It is clear that compensatory vasodilation occurs in response to acute hypoxia during submaximal forearm (19, 25, 26, 29, 160, 161) and single and/or two-legged knee extension (16, 32, 77, 122, 126) exercise. That is, during submaximal exercise, alterations in O₂ availability are compensated for by an augmented muscle blood flow to help maintain O₂ delivery to the active muscles. However, this compensatory vasodilation appears to be absent during maximal exercise, especially when performed with a large muscle mass (74, 77, 78, 120). The muscle blood flow and vasodilator response to maximal exercise during moderate and severe hypoxia are likely limited to a certain degree by a reduction in maximal cardiac output (16) and not fully capable of compensating when the maximal pumping capacity of the heart is taxed. Under these circumstances it seems likely baroreflex-mediated vasoconstrictor responses are engaged. However, it is important to note that even in well trained cyclists who have a high cardiovascular reserve, leg blood flow and leg O₂ consumption is reduced at peak exercise using the one-legged knee extension model (119). The lack of a compensatory vasodilation is also observed during submaximal exercise after acclimatization (long-term exposure to hypoxia), which may be due to an increase in Ca_O₂.

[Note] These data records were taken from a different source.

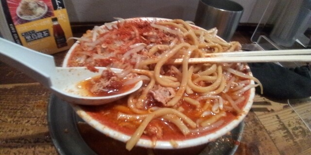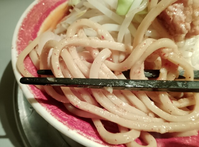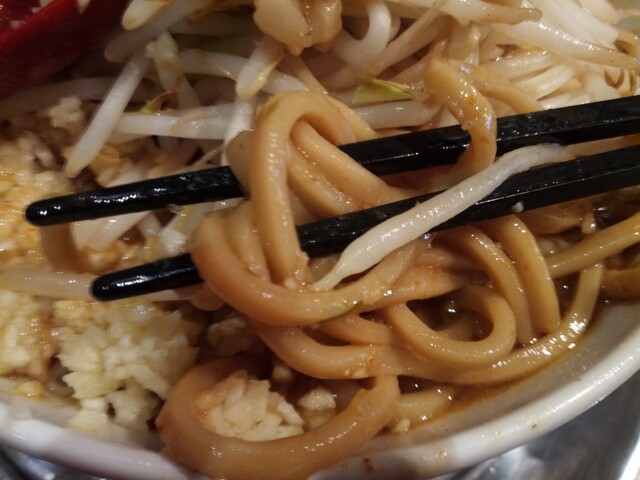 着丼すると、赤い唐辛子が野菜が隠れるほどの量。チャーシュウは野菜の下に隠れていて見えない。発掘作業で4枚発見。外形は小ぶりだが厚みがあるので結構な量、私には十分。まず、赤い部分の野菜とスープを口に運ぶ。見た目ほど辛くはない。野菜を食べ進めると麺に到着。極太の腰のある麺が現れた。
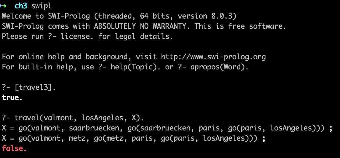 just_go(S, E) :- byPlane(S, E).加载这段代码后,就能让Prolog告诉我们,如何从valmont去往losAngeles了
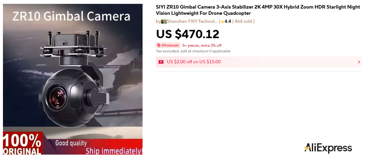 А з боку Defense Express зазначимо, що використання однакової конфігурації обладнання прямо вказує на те, що у РФ законтрактували велику кількість комплектуючих саме під ці розвідувальні дрони. Вочевидь викупивши у китайської SIY наявні та майбутні партії камер ZR10, які у роздріб коштують на китайських макретплейсах близько 500 доларів. Що означає, що при масовій оптовій закупівлі ціна буде нижчою.
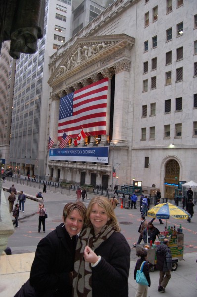 Kristi and Nicole on Wall Street next to the NYSE

In summary, the studies discussed here clearly demonstrate that reductions in available O₂ via systemic hypoxia promote compensatory vasodilation and an augmented blood flow in skeletal muscle vascular beds at rest and during submaximal exercise. The compensatory vasodilation during hypoxic exercise is essential to ensure the maintenance of oxygen delivery to the active muscles. It appears that factors sensitive to Ca_O₂ serve as the signal for the compensatory increases in skeletal muscle blood flow and vasodilation during hypoxic exercise. In humans, NO-mediated vasodilation plays an obligatory role in the augmented blood flow during incremental hypoxic exercise. However, the NO-mediated component of the compensatory vasodilation during hypoxic exercise is regulated through different pathways with increasing exercise intensity. That is, a β-adrenergic receptor-stimulated NO component exists during low-intensity hypoxic exercise, whereas the source of NO contributing to compensatory dilation is less dependent on β-adrenergic mechanisms as exercise intensity increases. It is currently unclear what the stimulus of NO release is with increasing intensity of muscle contraction but does not appear to be adenosine. ATP released from erythrocytes and/or endothelial-derived prostaglandins remain attractive candidates for stimulating NO during higher intensity hypoxic exercise.

The vasodilator response to acute hypoxia detailed above in young healthy humans has been demonstrated to be attenuated in older adults at rest and during exercise (27, 79). Additionally, limited reports suggest that compensatory vasodilation is impaired in some populations with cardiovascular risk factors (5), whereas it is preserved in others (86, 157). From a clinical perspective, if an attenuated vasodilator response occurs in other vascular beds (i.e., coronary circulation) with aging and cardiovascular risk factors, certain individuals may be at risk of reduced perfusion of the myocardium and consequently myocardial injury during exercise with hypoxia.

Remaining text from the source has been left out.